=== SOURCE DATA ===
◇ ◇ ◇
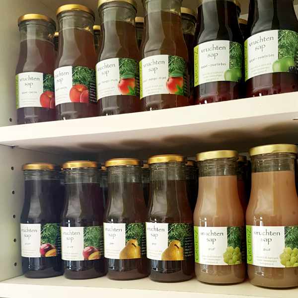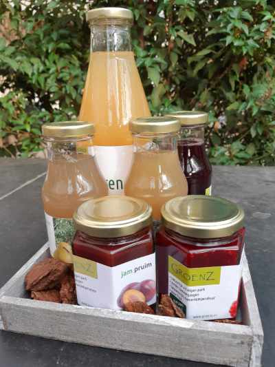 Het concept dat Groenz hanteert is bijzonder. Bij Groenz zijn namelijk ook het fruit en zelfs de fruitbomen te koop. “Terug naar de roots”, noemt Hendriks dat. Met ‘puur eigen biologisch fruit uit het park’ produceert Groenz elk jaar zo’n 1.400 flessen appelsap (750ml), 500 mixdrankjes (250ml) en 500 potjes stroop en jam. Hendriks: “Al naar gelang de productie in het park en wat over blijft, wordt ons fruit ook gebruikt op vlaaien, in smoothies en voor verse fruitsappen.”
◇ ◇ ◇
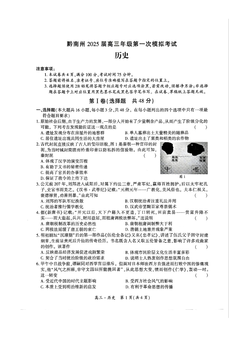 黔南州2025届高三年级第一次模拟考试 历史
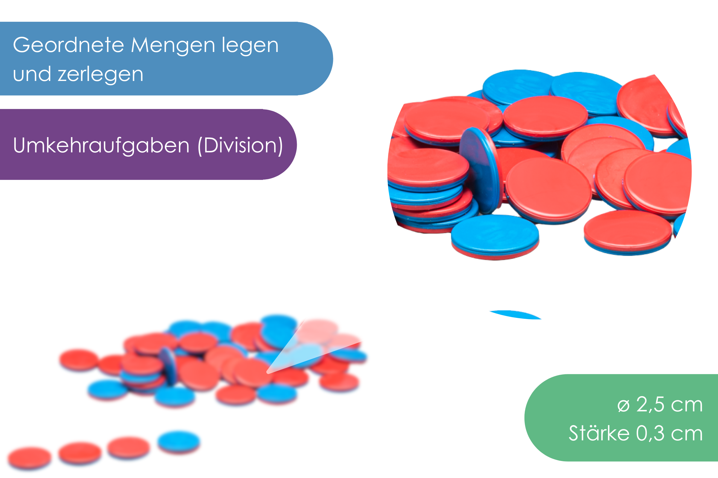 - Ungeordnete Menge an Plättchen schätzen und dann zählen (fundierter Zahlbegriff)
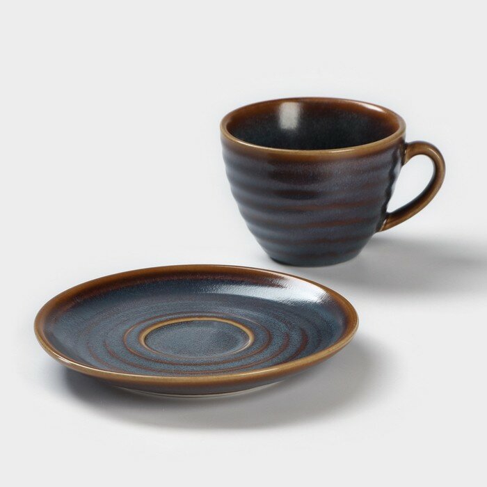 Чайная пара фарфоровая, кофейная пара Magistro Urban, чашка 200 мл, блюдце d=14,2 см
◇ ◇ ◇
=== YOUR OBJECTIVE ===
Give again, exactly as written above, every line from the one holding "黔南州2025届高三年级第一次模拟考试 历史" to the one holding "Чайная пара фарфоровая, кофейная", with both ends kept and the pictures left out.

=== REPLY ===
 黔南州2025届高三年级第一次模拟考试 历史
 - Ungeordnete Menge an Plättchen schätzen und dann zählen (fundierter Zahlbegriff)
 Чайная пара фарфоровая, кофейная пара Magistro Urban, чашка 200 мл, блюдце d=14,2 см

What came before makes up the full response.